The British economy, he told us, was proving the doubters wrong: the costs of debt were going down, mortgage rates were lower and inflation had peaked.
He was able to appeal to the Office of Budget Responsibility (the same body cold-shouldered by Liz Truss and Kwasi Kwarteng when they crashed the economy in the autumn) and confirm that Britain would meet the prime minister's aim of halving inflation this year - and more - and that we'd avoid recession. All good.
And if that was all then, along with help on pensions and childcare, Jeremy Hunt could be sure of great headlines tomorrow.
But that isn't all.
Let's go back to the OBR. Most of us don't judge the economy on what we're told by politicians but, once again, on how we feel. And here, the OBR brings grim news.
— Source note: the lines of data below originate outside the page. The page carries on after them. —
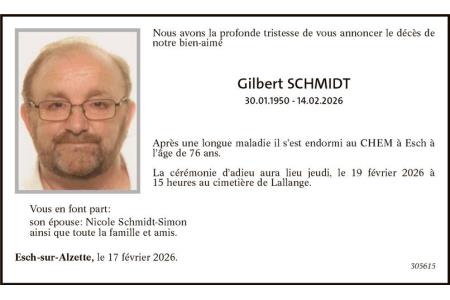 Avis mortuaire Monsieur Gilbert Schmidt
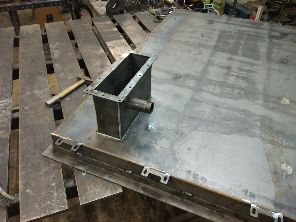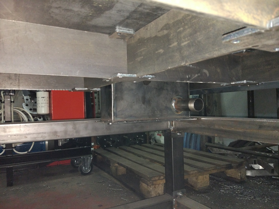Верхняя часть неразборная, опоры крепятся на болтах. Поверх станины крепится поддон для воды, который будет собирать шлам. У водяного поддона есть свои минусы (его гораздо сложнее чистить после окончания рабочей смены), но зато гораздо скромнее требования к вентиляции, т.к. основная масса продуктов горения металла остается в воде и не загрязняет воздух.
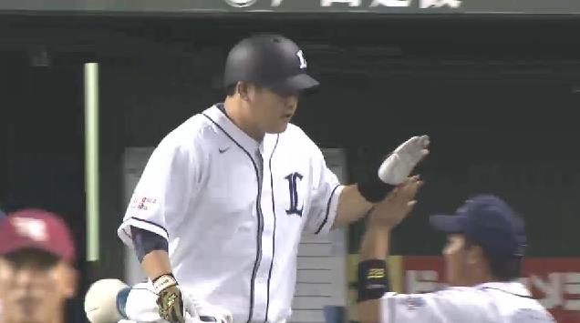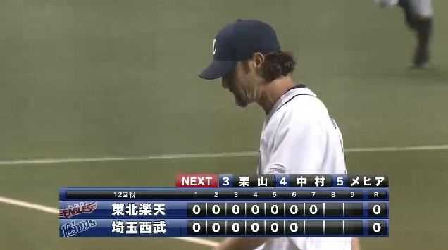 7回裏 栗山がヒジをかすめてデッドボールで出塁
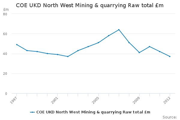 Download this time seriesCOE UKD North West Mining & quarrying Raw total £m
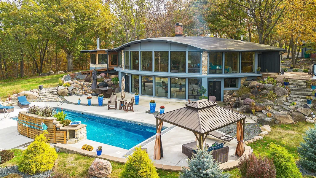 Executive retreat on nearly 4-acres of wooded land just a quick jump from the metro. This architectural marvel has a mid-century design with locally sourced woods and limestone. In addition, you will find custom alder cabinetry, unique brickwork, and amazing stone archways. You will find floor-to-ceiling windows across the back of the house overlooking your wooded land and fantastic pool area. Enter the home through double doors where you will find a beautiful, brick spiral staircase, large kitchen, dining room, amazing great room with wood ceiling and custom fireplace; and a sunroom that is surrounded with new Pella windows, unique fireplace, heated tile floor, bookshelves, and a stunning wood ceiling. Also on the main is the private primary suite filled with windows, dressing room, bathroom with both jetted tub and tile shower, and a walk-in closet. Descend to the lower level through the beautiful spiral staircase to a gorgeous wet bar with all the appliances needed to entertain, two additional bedrooms and a full bathroom. Perhaps the most amazing part of this unique property is on the outside. Amazing pool area surrounded by patios, covered pergola, two water features, fire pit, separate deck area with hot tub, and a nearby shed for all your pool equipment and toys. Over 4,300sf of living space, 3 fireplaces, concrete construction, geothermal heating/cooling 'a one-of-a-kind masterpiece in your own private wooded sanctuary.
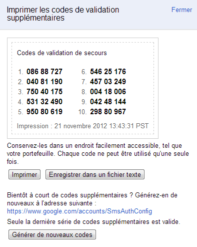Comment faire si on est en voyage et qu'on a pas le mobile qui a été configuré sur nous. C'est la raison d'être de la troisième méthode. Imprimer un jeux de codes utilisables une fois (des codes jetables). Pour cela, revenir sur l'écran obtenu juste après avoir terminé la configuration en quatre étapes et cliquer sur Afficher les codes de secours.
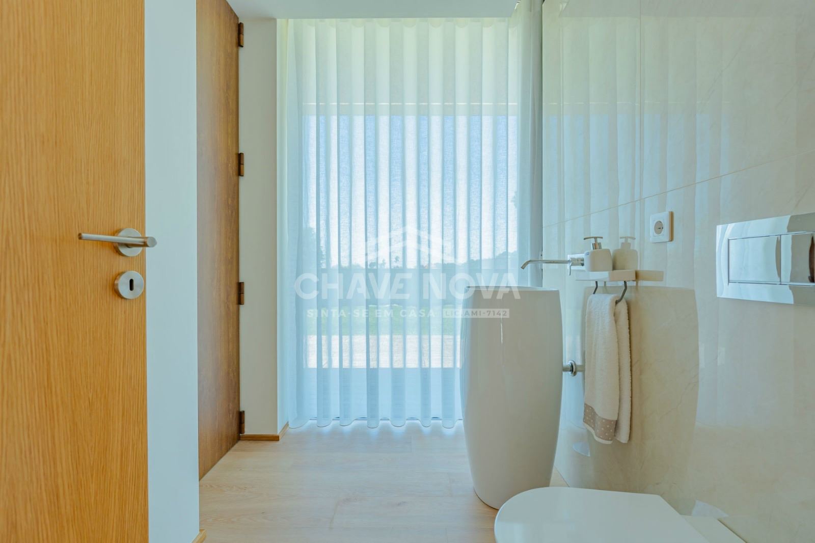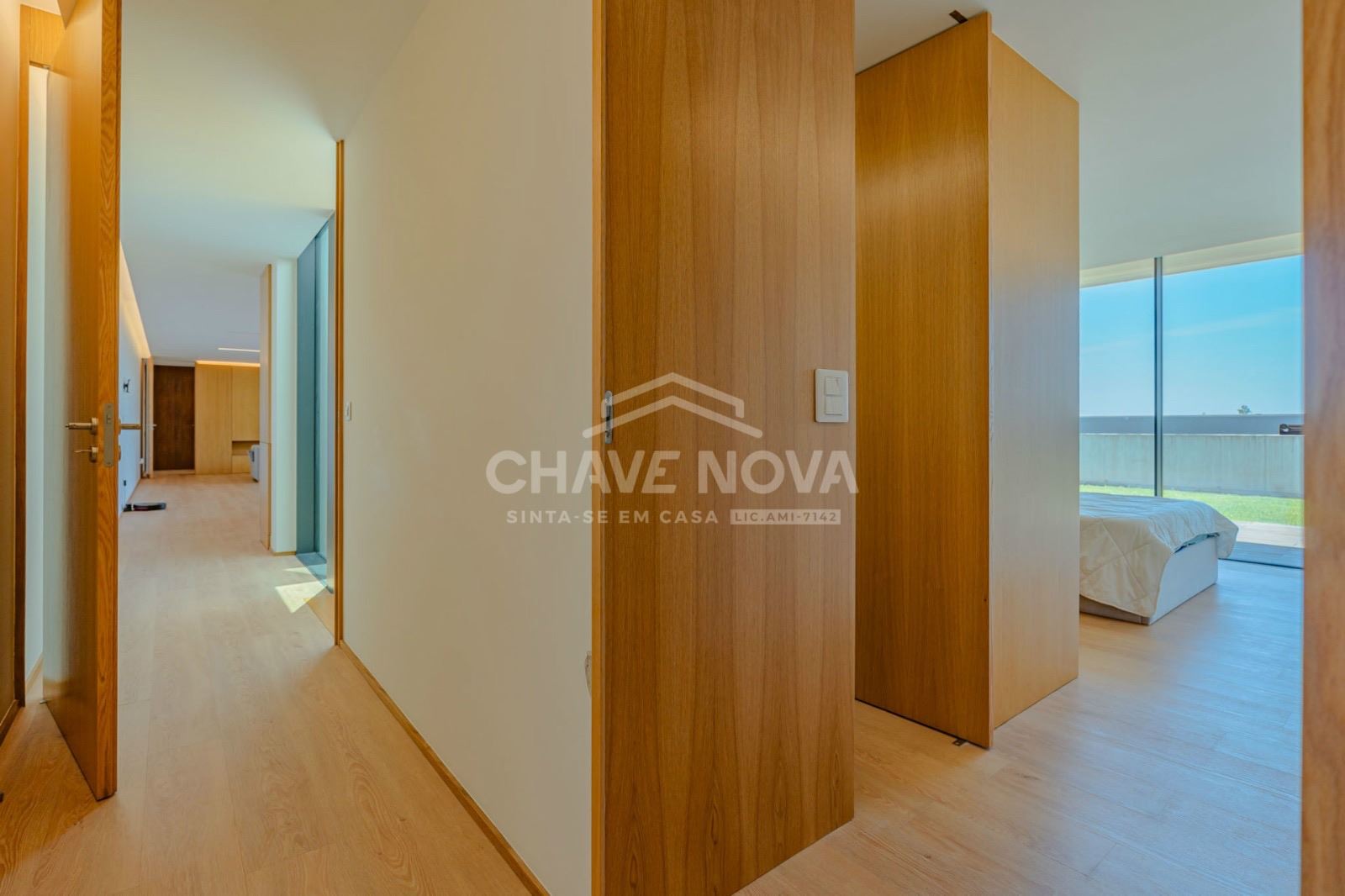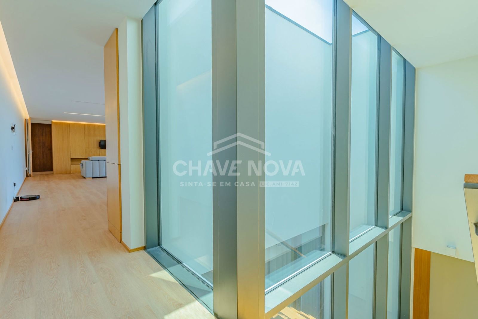 Esta casa combina conforto, funcionalidade e um design moderno, com acabamentos de qualidade. No exterior, a fachada é revestida em capoto pintado, com janelas de alumínio lacado e vidro duplo para isolamento térmico e acústico. A porta de entrada é em madeira com fechadura de segurança, e os portões são automáticos. Há ainda uma área ajardinada com relva semeada.No interior, as paredes são estanhadas e os pavimentos variam entre cerâmica ou madeira flutuante, consoante as divisões. A cozinha é equipada com móveis modernos, eletrodomésticos TEKA, e bancada em silestone. As casas de banho possuem louças Valadares e torneiras IMEX. A casa tem tetos em pladur com focos LED, fogão com recuperador de calor e escadas com degraus em madeira. Está ainda preparada para ar condicionado ou aquecimento central e aspiração central, além de ter um sistema de alarme instalado.
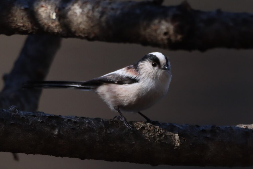 エナガです。くちばしと目の位置、大きさが絶妙なバランスで整っていて、キャラクターのようなすごく可愛らしい顔をしているんです。
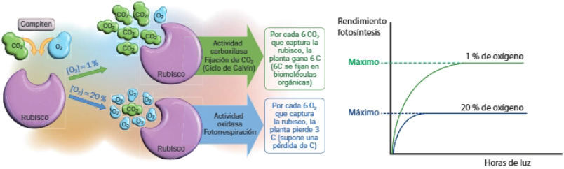 El O2 compite con el CO2 como sustrato de la enzima rubisco. Si es alta, se activa la FOTORESPIRACIÓN: proceso en el que la rubisco, en vez de actuar fijando CO2, captura O2, en un proceso de oxidación que supone una pérdida de átomos de carbono. Así, niveles altos de O2 en la planta suponen un menor rendimiento de la fotosíntesis.

We are going to face the highest tax burden since the late 1940s, in the immediate aftermath of the Second World War - we will notice that - plus the biggest two-year squeeze on living standards on record.
If you want an explanation for the rash of public sector strikes taking place all around us, there it is. This wasn't a budget for teachers or junior doctors.
That's not to say that the Chancellor did nothing useful today, but rather that he is trying to dance us merrily up a hill which is simply too steep. No wonder the Labour leader Keir Starmer sounded almost triumphal in his pessimism.
It remains very hard to the Tories to turn things around by the time of the next election although Rishi Sunak is proving to be a very effectively hyperactive Prime Minister and I think we can expect a really tough and exciting political contest between now now and next autumn.
On the detail, the most important announcement in the budget was the extra money for childcare. That was dictated by raw politics.
Labour's Bridget Phillipson pointed out last week that in the 100 most marginal conservative constituencies in England, parents of children under 11 make up more than a quarter of the population. They vote. That's really all you need to know.
Could this be the beginning of a shift in attention and resources away from older voters and towards the younger generations who have missed out on affordable housing, affordable child care and have little hope, at the moment, of a decent pension? Let's hope so.
Some criticise the Tories for swiping another Labour idea - because Labour also want to expand support for childcare. But this means Labour, thinking hard about those 100 constituencies, now needs to sharpen, upgrade and properly fund its offer on childcare.
That's how good policy advances – a strong competition between the parties to make the best offer about something the public wants. This is politics working properly. And it's very good news, I'd say for parents.
This wasn't a budget that changes the political dial or takes Britain in a radically new direction - thank goodness you might say - but more of a progress report, at a time when we are still stuck in the mud.
If I was a teacher, and I wasn't on strike, and I was marking this it would be a B-plus, with a scribble at the end - to the country as much as to Jeremy Hunt - saying, “must do better”.